→ TASK REQUIREMENTS
From the material below, reproduce exactly the stretch of lines that begins with the line holding "готового изделия ." and ends with the line holding "should be running.", skipping the pictures.

Top of INPUT DATA

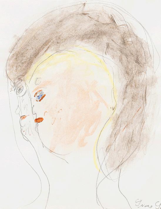 here are big flowers, mostly in motion; faces are seen in profile, sometimes one inside another, up to as many as five, as if the artist is anatomising what lies hidden within the soul, to bring out what is worthy to be seen by others than herself
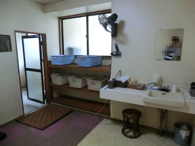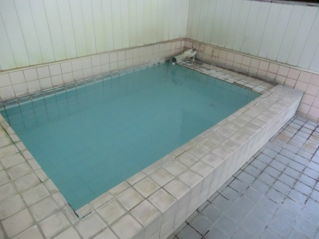 こちらも源泉かけ流しで、右奥の湯口から注がれたお湯は浴槽内の塩ビ管に流れていく仕組みになっていました。
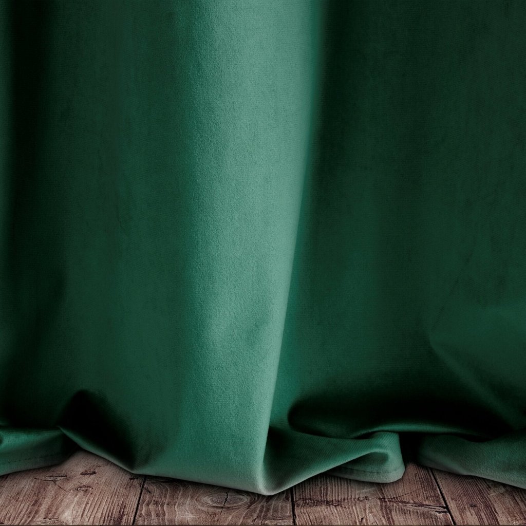 Měkký závěs z jednobarevného sametu s charakteristickým sametovým leskem. Měkká tkanina poskytuje vysoký stupeň vnitřního stínění. Šířka: 140 cm, délka: 250 cm, barva: tmavě zelená, hmotnost: 215 GSM, složení: 100 % polyesterDoplňkové parametry
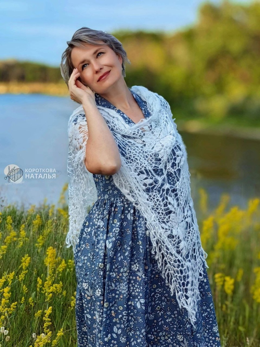 Пуховая шаль " Невесомость " - это женственность, уют и роскошь . Ажурная , пуховая , нарядная с красивым , воздушным , цветочным узором , достойного размера и удобной треугольной формы - это изделие будет отлично смотреться не только в качестве крестильной, венчальной , пасхальной и религиозной одежды, но и как повседневная нарядная накидка. Легкая , но теплая и приятная на ощупь ажурная шаль согреет холодными днями и украсит любой Ваш образ, окружая нежным облаком и прекрасно сочетаясь с любым стилем .."Невесомость" - это прекрасный выбор как для молодой девушки , так и для дамы постарше , своим нежным прикосновением эта кружевная накидка заставит в себя влюбиться и сама подарит любовь , а так же тепло , заботу и самые незабываемые , приятные ощущения . Главной особенностью представленного изделия является ее штучность и 100 % ручная работа ,созданная с соблюдением всех традиций пуховязания мастериц Прихоперья , начиная от сбора пуха и заканчивая обработкой готового изделия .
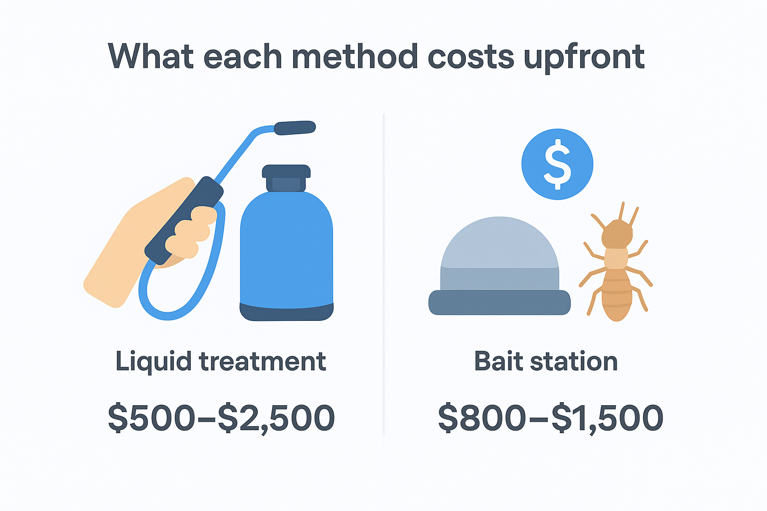 When you compare termite bait stations vs liquid treatment , price is usually the first number people ask about. But cost without context is misleading. What you pay upfront and what you spend over five years are two very different figures, and both matter when you're making a long-term decision about protecting your home.
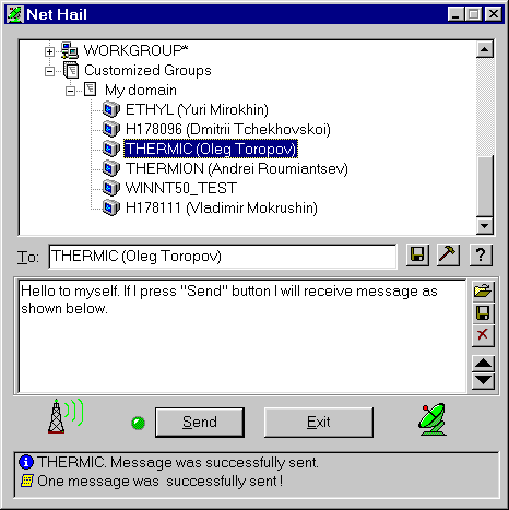 should be running. The picture from the right is the main window of Net Hail. Just select a computer or group, type in a message and press "Send" button. Sorry, but no help is available for this program. Use rigth button on group or domain to rescan it. The program is free for non-commercial use. For details read the License Agreement when you start installation. You should send a message to the author of Net Hail to register your copy. If you don't, you'll end up with old version of Net Hail ! You can find e-mail address in "About" dialog box. Press F1 to open this dialog. Or you can use this page to register Net Hail right away. |
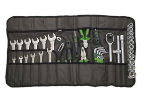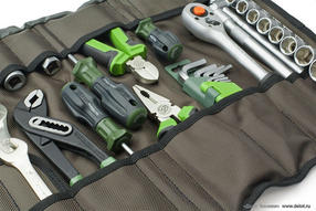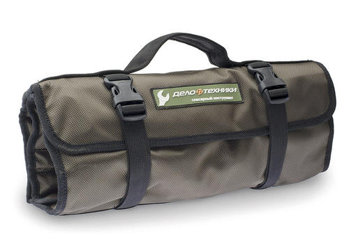 Сделано в России. В 2016 году команда «Дело Техники» разработала компактный, универсальный набор инструмента, выполненный в виде сумки-скрутки. Это решение дало старт целой серии различных наборов, укомплектованных в удобные планшеты. Сумка-скрутка с инструментом подходит для ремонта автомобиля, мотоцикла и другой техники в гараже, мастерской, поездке или автопутешествии. Материал сумки: масло-водоотталкивающая ткань Oxford. Габариты: Раскрытая - 370×670 мм Сложенная - длина - 370 мм, ∅130 мм Комплектация набора инструмента: Тип инструмента Размер, особенности Пассатижи 180 мм Бокорезы 160 мм Клещи переставные 250 мм Ключи комбинированные 6, 8, 10, 12, 13, 14, 15, 16, 17, 18, 19, 22 мм Набор ключей шестигранных 1,5; 2; 2,5; 3; 4; 5; 6; 7; 8; 10 мм 561 101 Головки шестигранные 1/2˝ 8, 10, 12, 13, 14, 15, 16, 17, 19, 22, 24 мм Головка свечная 1/2˝ с резиновой вставкой 16 мм 620 601 Вороток Т-образный 1/2˝ 250 мм Трещотка 1/2˝ 250 мм (45 зубцов) Удлинитель 1/2˝ 250 мм Кардан 1/2˝ 80 мм Отвёртки: Шлиц SL5 × 100 мм Крест PH2 × 38 мм, PH2 × 100 мм 9 700,00 ₽ / шт
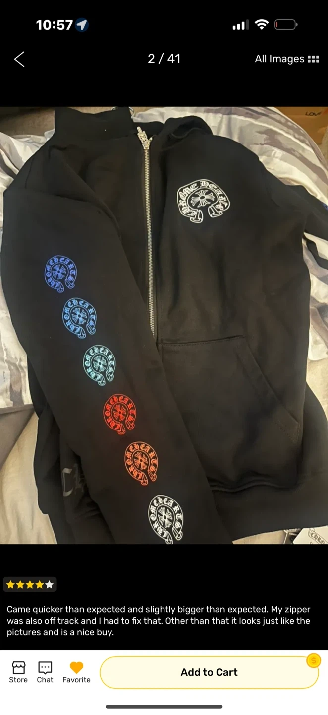 Selling a Chrome Hearts black zip-up hoodie. It features the iconic Chrome Hearts logo on the chest and down the sleeve. Perfect for adding a touch of edgy style to your wardrobe!
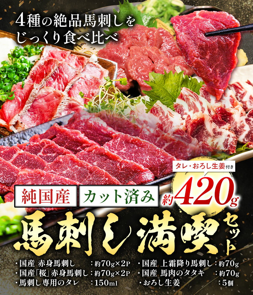 【ふるさと納税】純国産 カット済 馬刺し 満喫 セット 4種 約420g おろし生姜 馬刺し専用タレ付き 株式会社ワンエイト《30日以内に出荷予定(土日祝除く)》熊本県 苓北町 国産 上霜降り 赤身 タタキ 霜降り まな板不要 カット済み 生姜 タレ付き【配送不可地域あり】
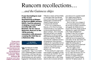 It was fascinating to read of the recent developments at Diageo at Runcorn (B&DI January 2007). I had the pleasure of playing a round of golf recently with John Bowman. He too was at Guinness, Runcorn in the 1970s and also remembers with pleasure crossing the Irish Sea on a Guinness ship.
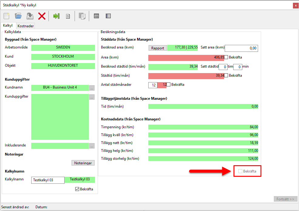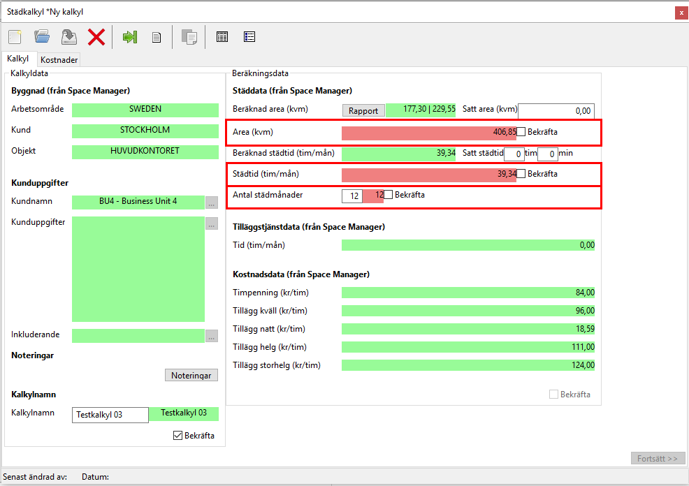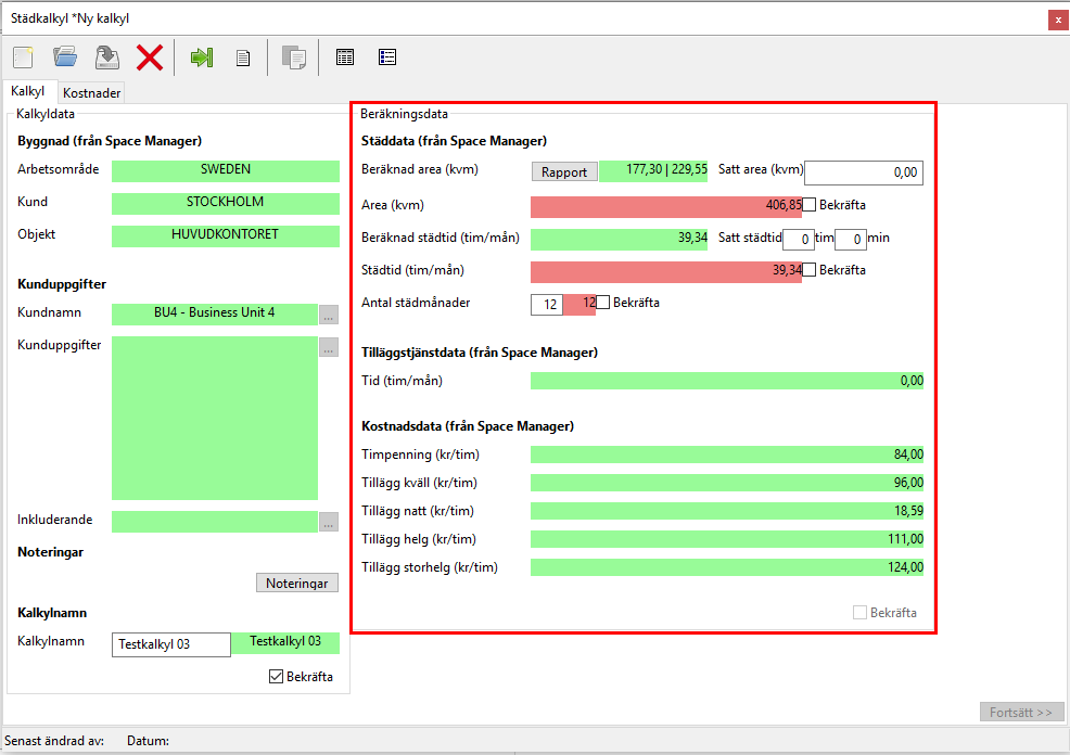 När du arbetat dig genom kalkyldatans röda fält och du även kryssat för den bekräftelsebox du hittar i kalkyldatans nedre högra hörn, kommer beräkningsdatan dyka upp till höger om kalkyldatan i den städkalkyl du arbetar med (se de inringade fälten i bilden nedan).
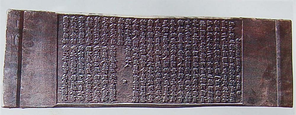 「8万大蔵経」の木版は、たぶの木とオノオレカンバ*1、シラカバで作りました。木版ひとつの長さは69.6センチメートル、幅は24センチメートル、厚さは3.7センチメートルです。木版ごとに22行があり、1行に14個の字が刻まれています。木版の両側にはよじれがないよう木を重ねて固定し、四隅には青銅の帯で庇いました。木版の表面には蝕まれないように漆塗りをしました。
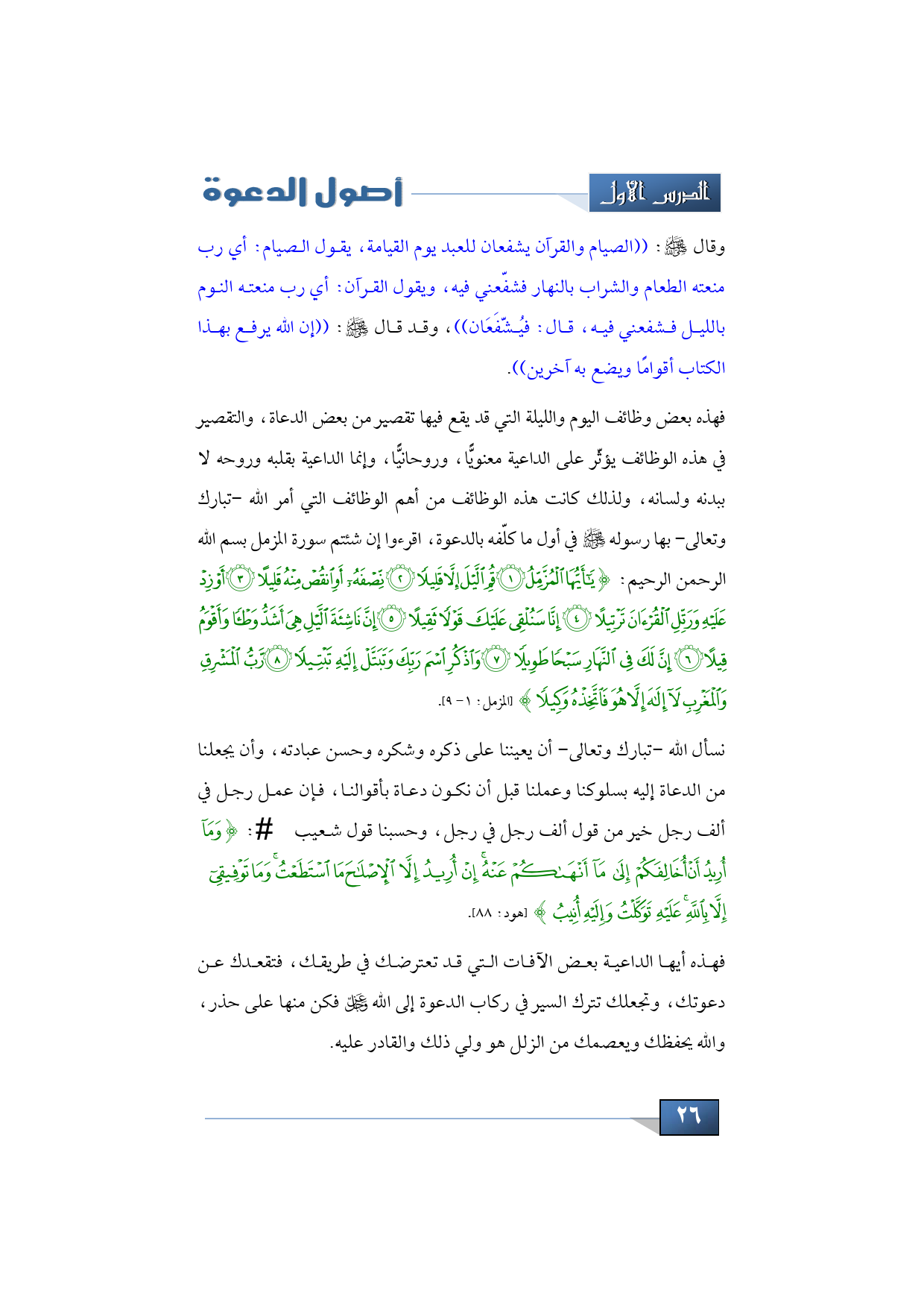 فهذه بعض وظائف اليوم والليلة التي قد يقع فيها تقصير من بعض الدعاة، والتقصير في هذه الوظائف يؤثّر على الداعية معنويًّا، وروحانيًّا، وإنما الداعية بقلبه وروحه لا ببدنه ولسانه، ولذلك كانت هذه الوظائف من أهم الوظائف التي أمر الله -تبارك وتعالى- بها رسوله -صلى الله عليه وسلم- في أول ما كلّفه بالدعوة، اقرءوا إن شئتم سورة المزمل بسم الله الرحمن الرحيم: {يَا أَيُّهَا الْمُزَّمِّلُ * قُمِ اللَّيْلَ إِلَّا قَلِيلًا * نِصْفَهُ أَوِ انْقُصْ مِنْهُ قَلِيلًا * أَوْ زِدْ عَلَيْهِ وَرَتِّلِ الْقُرْآنَ تَرْتِيلًا * إِنَّا سَنُلْقِي عَلَيْكَ قَوْلًا ثَقِيلًا * إِنَّ نَاشِئَةَ اللَّيْلِ هِيَ أَشَدُّ وَطْئًا وَأَقْوَمُ قِيلًا * إِنَّ لَكَ فِي اَلنَّهَارِ سَبْحًا طَوِيلًا * وَاذْكُرِ اسْمَ رَبِّكَ وَتَبَتَّلْ إِلَيْهِ تَبْتِيلًا * رَبُّ الْمَشْرِقِ وَالْمَغْرِبِ لَا إِلَهَ إِلَّا هُوَ فَاتَّخِذْهُ وَكِيلًا} (المزمل: 1 - 9).

Bottom of INPUT DATA

→ SOLUTION
 Пуховая шаль " Невесомость " - это женственность, уют и роскошь . Ажурная , пуховая , нарядная с красивым , воздушным , цветочным узором , достойного размера и удобной треугольной формы - это изделие будет отлично смотреться не только в качестве крестильной, венчальной , пасхальной и религиозной одежды, но и как повседневная нарядная накидка. Легкая , но теплая и приятная на ощупь ажурная шаль согреет холодными днями и украсит любой Ваш образ, окружая нежным облаком и прекрасно сочетаясь с любым стилем .."Невесомость" - это прекрасный выбор как для молодой девушки , так и для дамы постарше , своим нежным прикосновением эта кружевная накидка заставит в себя влюбиться и сама подарит любовь , а так же тепло , заботу и самые незабываемые , приятные ощущения . Главной особенностью представленного изделия является ее штучность и 100 % ручная работа ,созданная с соблюдением всех традиций пуховязания мастериц Прихоперья , начиная от сбора пуха и заканчивая обработкой готового изделия .
 When you compare termite bait stations vs liquid treatment , price is usually the first number people ask about. But cost without context is misleading. What you pay upfront and what you spend over five years are two very different figures, and both matter when you're making a long-term decision about protecting your home.
 should be running. The picture from the right is the main window of Net Hail. Just select a computer or group, type in a message and press "Send" button. Sorry, but no help is available for this program. Use rigth button on group or domain to rescan it. The program is free for non-commercial use. For details read the License Agreement when you start installation. You should send a message to the author of Net Hail to register your copy. If you don't, you'll end up with old version of Net Hail ! You can find e-mail address in "About" dialog box. Press F1 to open this dialog. Or you can use this page to register Net Hail right away. |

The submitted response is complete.